Segment Start: THE DATA

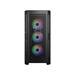 Airface Pro RGB má čtyři 120mm ventilátory ARGB. Pomocí tlačítka RGB můžete ovládat několik úžasných světelných efektů. Vestavěný LED ovladač je kompatibilní s 5V připojením ARGB základních desek pro synchronizaci osvětlení v rámci celého systému.
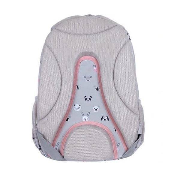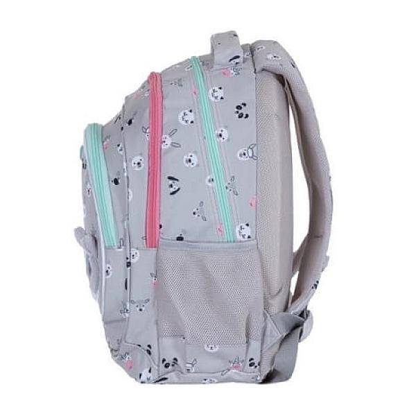 A minőségi ergonomikus iskolatáska elejét cicás szőrmés embléma dekorálja. A táska oldalán lévő apró minták között többféle kisállat bukkan fel. Strapabíró, erős anyagból készült, elsősöknek tökéletes választás lehet.
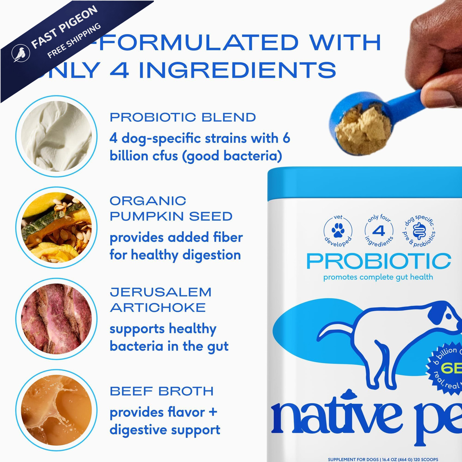 Native Pet Probiotics for Dogs - Dog 30 Probiotic Scoops,

Segment End: THE DATA

Print the data above exactly; drop every picture.

 Airface Pro RGB má čtyři 120mm ventilátory ARGB. Pomocí tlačítka RGB můžete ovládat několik úžasných světelných efektů. Vestavěný LED ovladač je kompatibilní s 5V připojením ARGB základních desek pro synchronizaci osvětlení v rámci celého systému.
 A minőségi ergonomikus iskolatáska elejét cicás szőrmés embléma dekorálja. A táska oldalán lévő apró minták között többféle kisállat bukkan fel. Strapabíró, erős anyagból készült, elsősöknek tökéletes választás lehet.
 Native Pet Probiotics for Dogs - Dog 30 Probiotic Scoops,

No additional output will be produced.